Und nun eine Kehrtwendung um 180 Grad: Vom Finanzkapital-Saulus zum Paulus
Dann schreibt Moritz Koch in seinem Kommentar weiter: „Zumindest Sanford Weill hat seine Antwort schon gefunden : „Was wir tun sollten, ist wohl das Investmentbanking vom Privatkundengeschäft zu trennen“, verkündete er kürzlich im Interview. Eine Abkehr vom eigenen Lebenswerk. Zur Nachahmung empfohlen“, schließt Koch.
Zwar hatte schon vorher die Krise bei JP Morgan die Notwendigkeit derartiger Reformen deutlich gemacht (vgl. „JP Morgan beweist, wie notwendig Regulierung ist“ archiv.labournet.de/diskussion/wipo/finanz/jpmorgan.html)
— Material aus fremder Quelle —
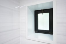 その先は、光射す吹き抜けを囲むホールになっていました。真っ白なので明るいですね。

Also doch – zerschlagt die Banken!
Wenn man kürzlich noch schreiben konnte, dass es bei uns noch keinen Gedanken für solch ein kriseneinschränkendes Trennbanksystem gibt (vgl. den Absatz „…und kein Gedanke an eine Trennung …“ bei archiv.labournet.de/diskussion/eu/wipo/krise_bahl4.html), so hat sich die Situation doch inzwischen geändert.
Nachdem bei uns in Deutschland der Protagonist eines derartigen Regulierungswerkes, Rudolf Hickel (vgl. zu seinem Buche den allerletzten Absatz bei archiv.labournet.de/diskussion/wipo/finanz/volcker.html) durch die Vorlage seines Buches diese Idee popularisiert hatte, findet man diese „Trennung“ – wenn auch noch unvollkommen – beim SPD-Kanzlerkandidaten Steinbrück wieder: Zwar sollen die Banken nicht wirklich aufgespalten werden, sondern Geschäfts- und Investmentbanken innerhalb einer Holding verbleiben. (Vgl. den 4. Absatz auf der Seite 7 bei archiv.labournet.de/diskussion/eu/wipo/krise_bahl40.html)
Ob mein Urteil, dass Peer Steinbrück damit die große „Bekehrung“ vom Finanzmarkt-Saulus zum Paulus noch nicht vollzogen hat, voreilig gewesen sein könnte, wird uns die Krise wohl weiter lehren.
Beeindruckend finde ich jedoch, wie dieser Sanford Weill der mit allen Konsequenzen und auch aller Härte die Deregulierung der Banken im Interesse der radikalen Pläne für seine Bank „Citi-Group“ – sozusagen „an vorderster Front – vorangetrieben hat, mit der gleichen Konsequenz auch heute sagen kann, dieser Weg hat uns nicht weiter gebracht – wir müssen daher zurück zum alten – und wohl bewährten – Bankensystem!